# Interpretation of Economic Significance of Coefficients in Linear Probability Model and Reversing the Dependent Variable

I have the following regression:

open_regime = B1 GovernmentSupport + B2 ln(R&D Budget) + other_controls + FirmFE + TimeFE + ProjectCategoryFE


where open_regime is a dummy variable that takes the value of one if the company has given away the patent rights and zero otherwise. Similarly, GovernmentSupport is a dummy variables that is equivalent to 1 if company gets a support from government and zero otherwise. I also have log transformed R&D budget(for the project) variable and time, firm and project category fixed effects.

I use a linear probability model in order to control for these fixed effects. This is the regression output that I get:

open_regime = 0.007 GovernmentSupport - 0.005 ln(R&D Budget)

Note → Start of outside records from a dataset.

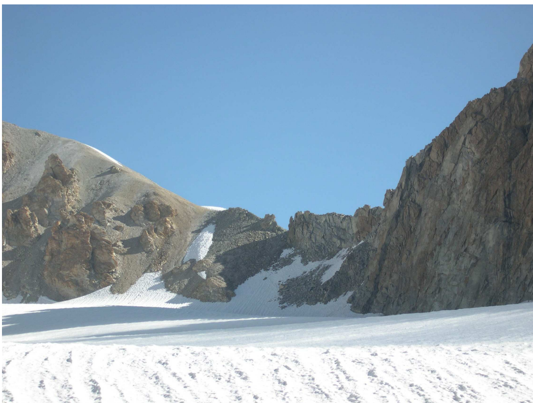
Фото 12: Подъем на перевал Сиама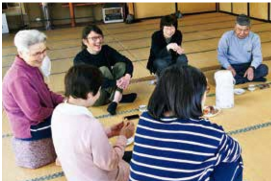
▲5月の「内郷100歳体操」では、いちごが丸ごと入った手作りようかんを提供。おしゃべりが弾みます。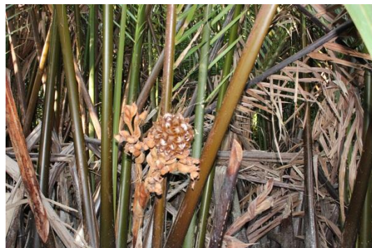
ภาพที่ 8 เมื่อวันที่ 9 พฤษภาคม 59 ลูกจาก สามารถกินสดจากต้นได้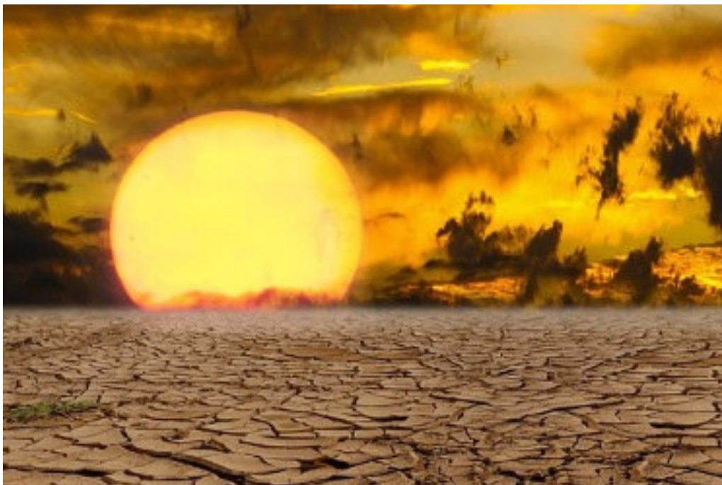
Imagen nº 4: Sol. Fuente: pixabay

https://pixabay.com/es/paisaje-la-naturaleza-puesta-del-sol-2806202/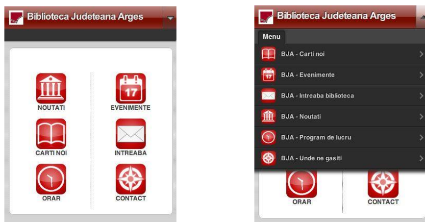
Figura 2. Ecrane de întâmpinare al site-ului www.bjarges.ro Ecran cu afișare tip simbol (stânga) și ecran cu afișare text (dreapta)

Ecranul de întâmpinare este cel din Fig. 2.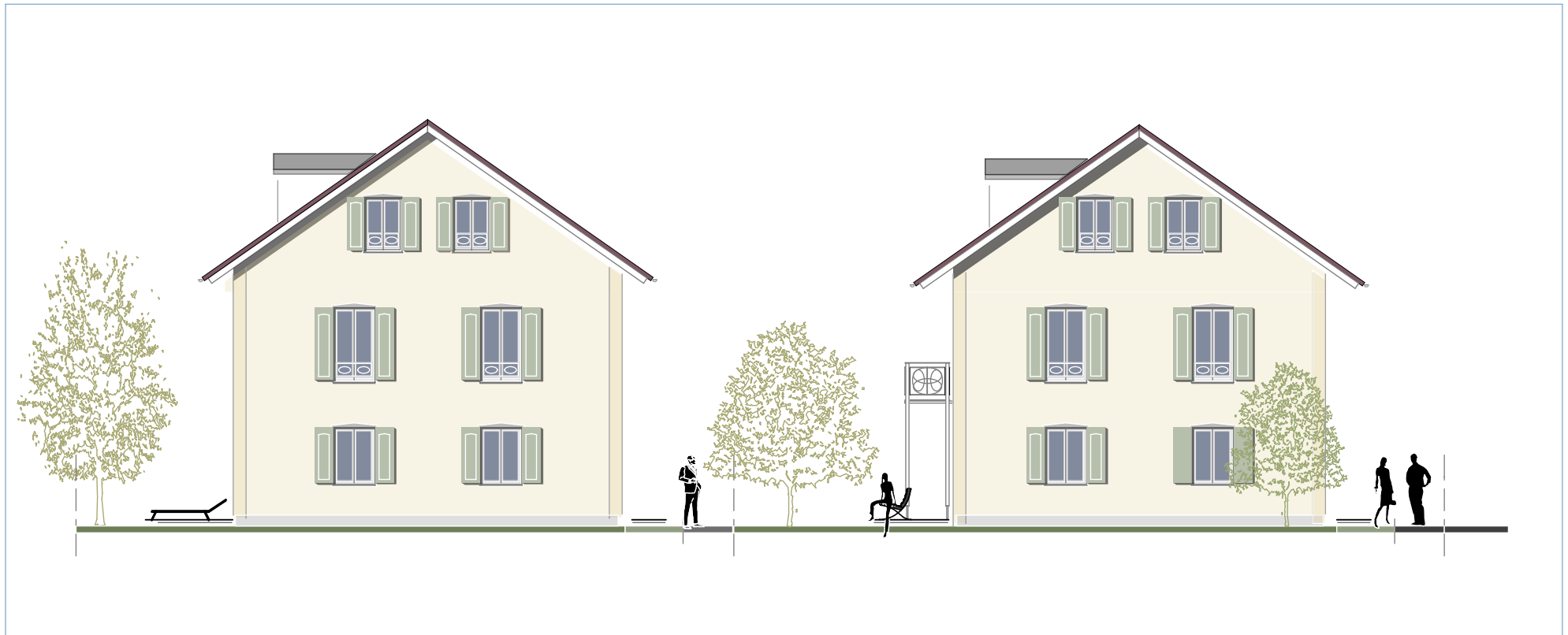
Doppelhaus (DHH 2)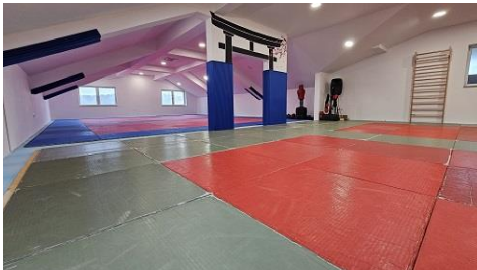
Slika 19. Nakon prvog uređenja kata SRC Centrala 2019. godine, potrebno je bilo zamijenit oštećene podove i zidove.

U sklopu održavanja i upravljanja sportskim objektima, tijekom ljetne stanke sportskih klubova, izvršeno je uređenje prostora na katu objekta SRC Centrala, koji klubovi redovito koriste za svoje trenažne aktivnosti. Radovi su obuhvaćali uklanjanje drvene podloge i postavljanje čvršće podloge, kao i dodatno ojačanje gipsanih ploča na zidovima. U sklopu dodatne zaštite od ozljeda, postavljene su zaštitne podloge na zidovima i stropu. Ukupna vrijednost investicije iznosila je 8.000,00 eura, a financirana je iz proračuna Sportske zajednice.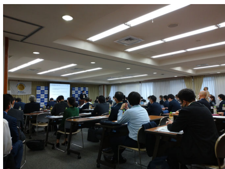
10月10日 オータムフォーラム

県協会の活動紹介、研究会の活動紹介、講演、プロコン養成塾・ステップアップ研修の紹介、実務従事紹介、新人ベテラン交流会などの内容でした。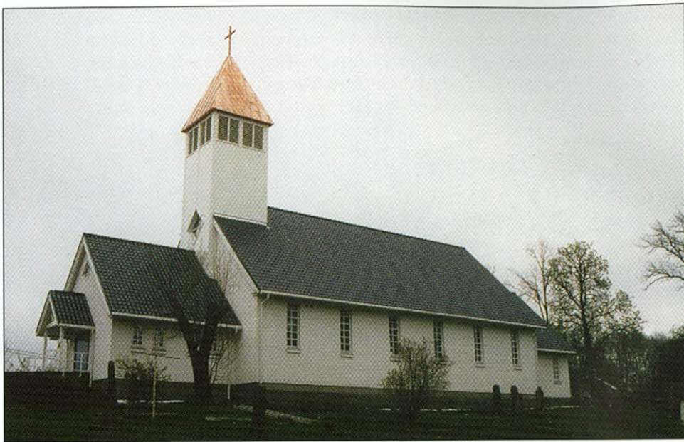
Det er også hun som har tatt forsidebildet til dette nummer av Pensjonist-nytt.

Den 6. juni 1999 ble en gledens dag for befolkningen i Frogn. Da ven nye kirken ble vigslet på det gamle kirkestedet Froen. Der hvor den gamle kirken lå, ligger nå en ny hvit murkirke, høyt og fritt som et naturlig innslag i landskapet.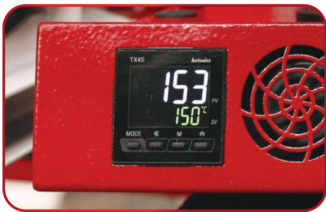
Цифровые регуляторы температуры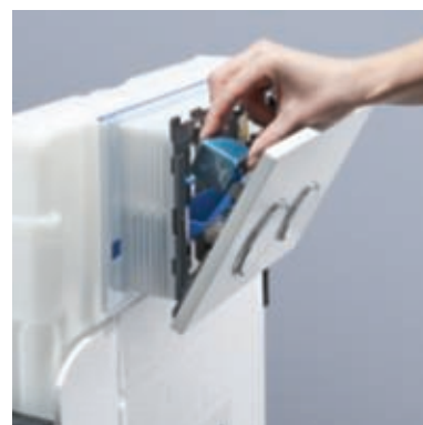
Inserimento: introdurre la pietra igienizzante nella bocchetta.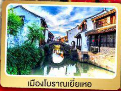
เมืองโบราณเหยี่ยเหอ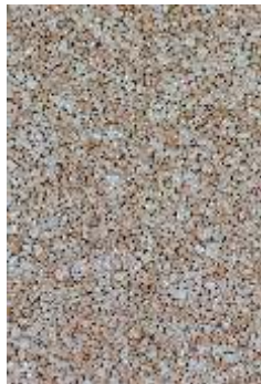
RKM01 Jasny beż

Greinplast RSK - daje możliwości kreatywnego zaprojektowania i wykonania na powierzchni tarasu czy balkonu, różnego rodzaju wzorów. Pozwala na to dostępny wachlarz kolorów i rodzajów kruszyw znajdujących się w ofercie firmy. Naturalne kruszywo stosowane w systemie posadzkowym daje gwarancję trwałości koloru.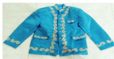
Gambar 4. 20 Babu Kandiu Dokumen (Majid 2019)

Gambar di atas adalah merupakan baju atau busana pada penari Lulo suku Tolaki yang disebut dengan babu kandiu atau baju pria. Babu kandiu merupakan baju lengan panjang dengan model kerah berdiri yang terbuka pada bagian depannya, berwarna biru dihiasi warna keemasan pada sekitar leher, belahan baju depan serta bagian lengan.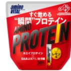
「アミノバイタル® アミノプロテイン」 レモン味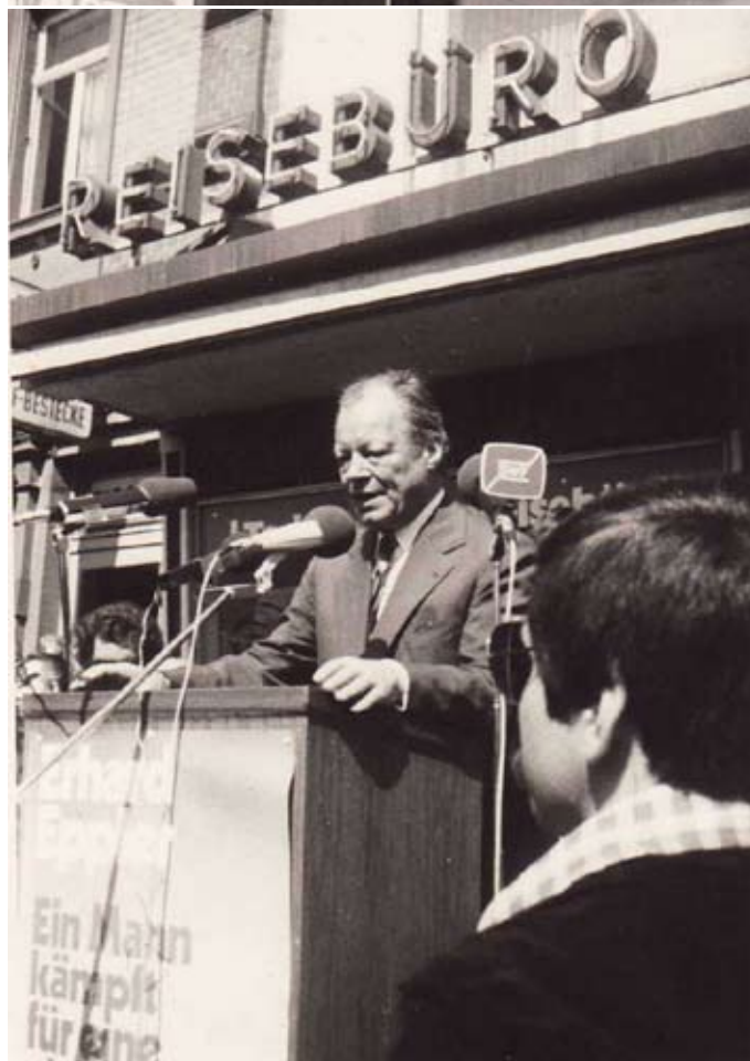
Willy Brandt bei einer Wahlveranstaltung am 01.04.1976 in Donaueschingen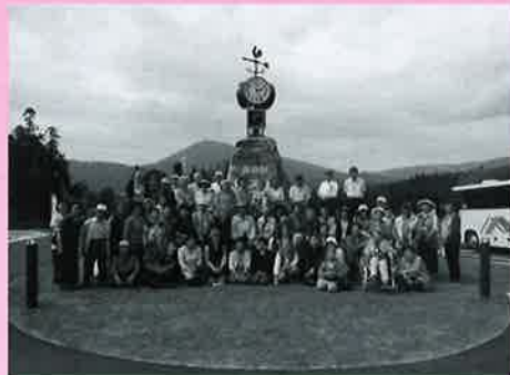
～道の駅むろねでは記念撮影をしました～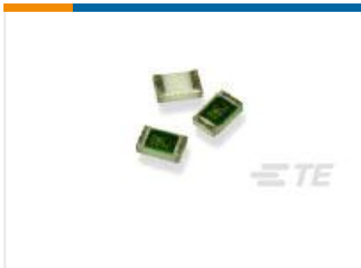
TE 产品编号1-2176217-2 CPF A 0805 36R 0.1% 25PPM 1K RL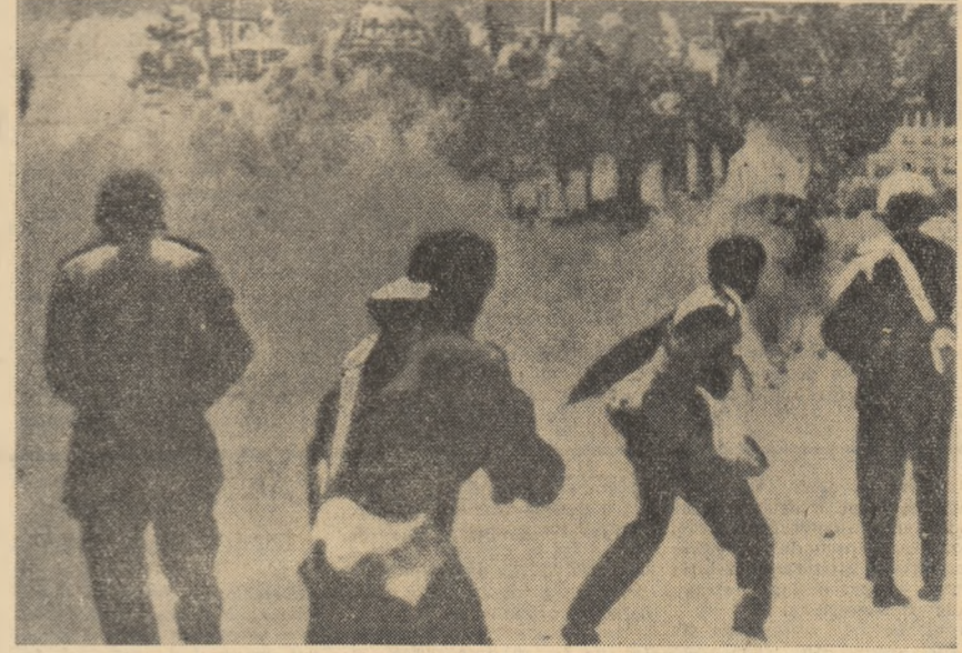
LA PAZ. Două imagini din timpul unei puternice demonstrații de solidaritate cu poporul cuban, care a avut loc în capitala Boliviei.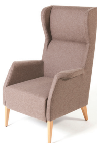
Luxor avec dossier haut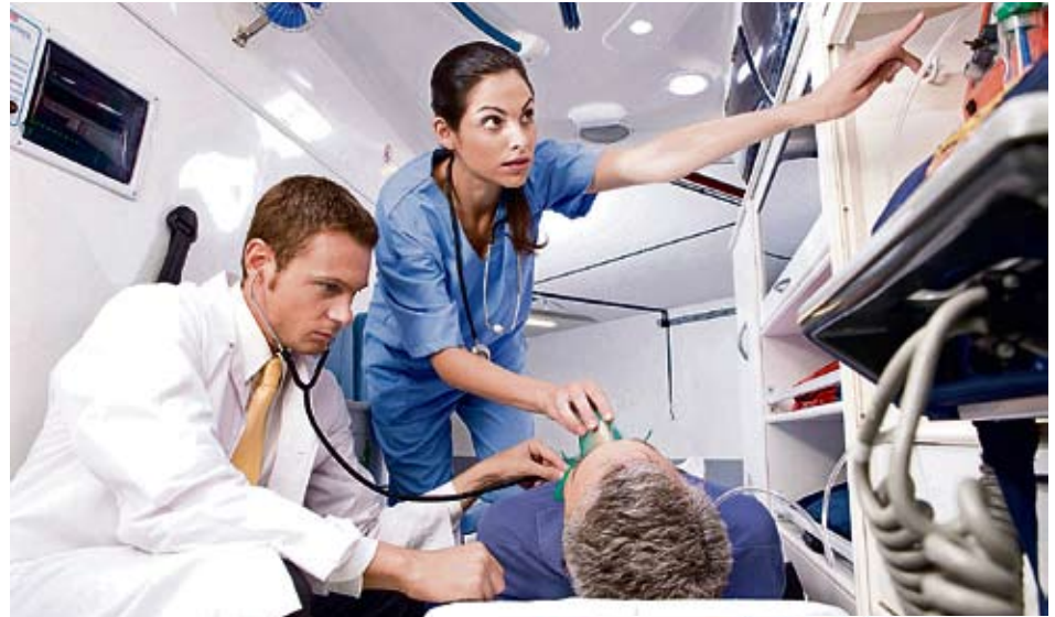
Infarkte lassen sich besser vermeiden, wenn ...

Derzeit sind vor allem zwei Arten von Gefässstützen im Einsatz. Unproblematisch ist keine: Blanke Metall-Stents können eine Überreaktion beim Zellwachstum auslösen. Geschieht dies, wuchern die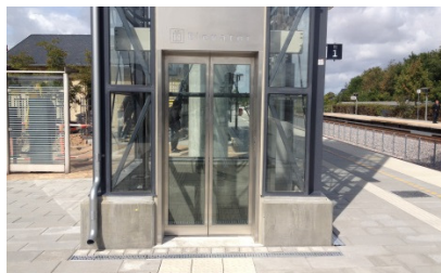
Der er monteret ACO DRAIN® Multiline V100S foran perron-elevatoren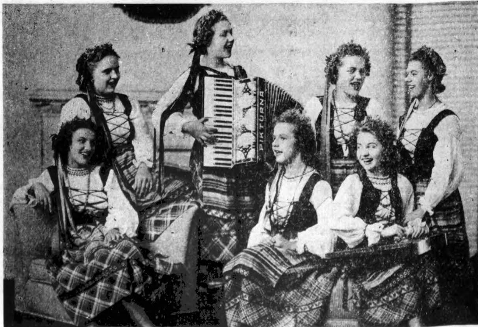
ŠV. KAZIMIERO AKADEMIJOS RINKTINIS CHORAS

Su kiekvienu $5.00 skelbimu gausite vieną tikieta į bankietą.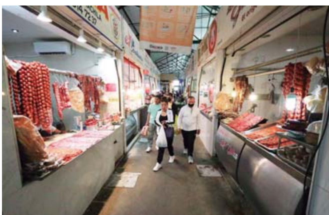
La afluencia en los mercados del centro ha disminuido.

Pero poco a poco, y aun con la baja afluencia de visitantes que se da después de las temporadas vacacionales, los pasillos de este mercado y el contiguo, el Benito Juárez, recibían a familias, grupos de amigos y otros visitantes locales o nacionales. Incluso algunos extranjeros que prefieren conocer la ciudad en otras fechas de menor afluencia.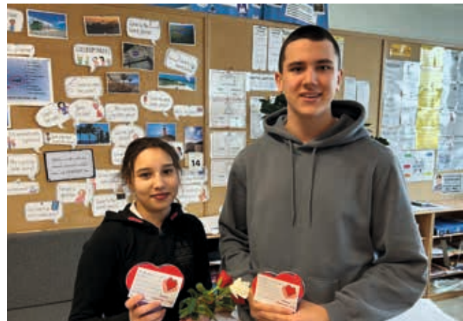
Zwei Schüler der 9. Klasse mit ihren Valentinstagsgeschenken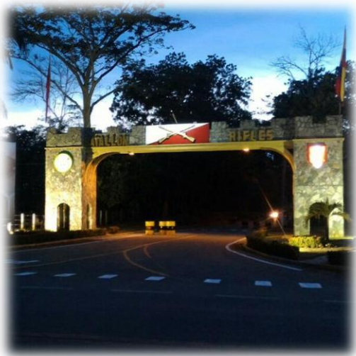
Entrada del Batallón "Rifles" . (20/10/2017)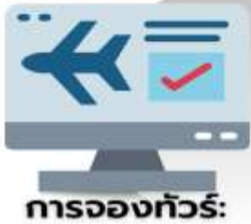
การจองทัวร์: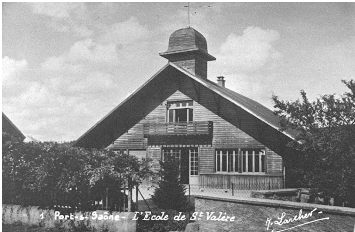
L'école Saint-Valère, carte postale.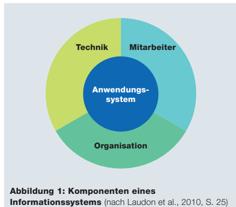
Abbildung 1: Komponenten eines Informationssystems (nach Laudon et al., 2010, S. 25)

Laudon, K. C., J. P. Laudon, D. Schoder (2010). Wirtschaftsinformatik: Eine Einführung. 2. aktualisierte Auflage. München: Pearson Education Deutschland.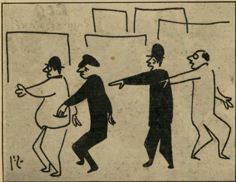
"הוא לא נגב! הוא קרבן לתככים פוליטיים!"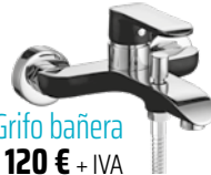
Grifo bañera 120 € + IVA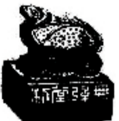
余瑾莹 平江无弦堂朱迹(局部)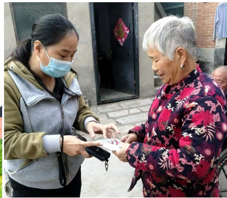
为贫困户患者送药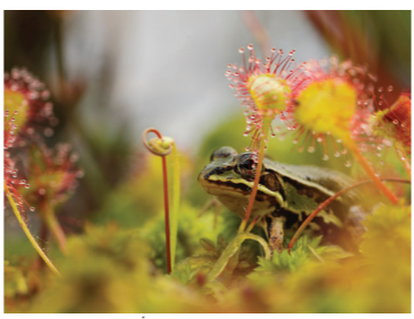
Zabja jeziorowa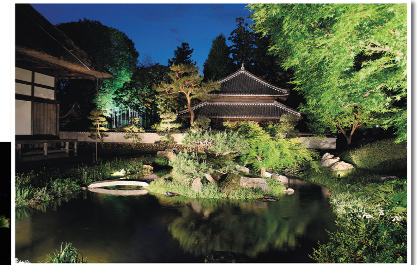
◀▲令和3年4月・足利灯り物語。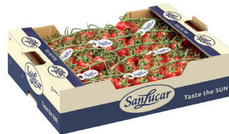
Vendemos frutas y verduras sin envase siempre y cuando sea posible.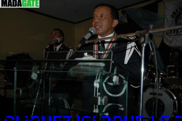
CLIQUEZ ICI POUR LE DISCOURS DU GENERAL RICHARD RAVALOMANANA

In my sample, only 0.03 of the cases firms have chosen to give away patents. I also want to comment on the economic significance of the variables. If there is a 1% price increase in the R&D budget, that to 100 * ((0.03 - 0.00005) - 0.03)/0.03, that is a 0.17% increase in the open regime in the sample. I have three questions:

• Is my interpretation of the ln(R&D Budget) coeffcient is correct?
• What would be the interpretation of GovernmentSupport variable(in 0.08 percent of cases government supports the project)
• If I reverse my dependent variable, say I define a closed_regime variable that takes the value of one if the company has not given away the patent rights and zero otherwise, I observe that my coefficients and standard errors remain the same but they only change their sign... How does my interpretation of economic significance change compared to open regime? (How it is calculated in this case?)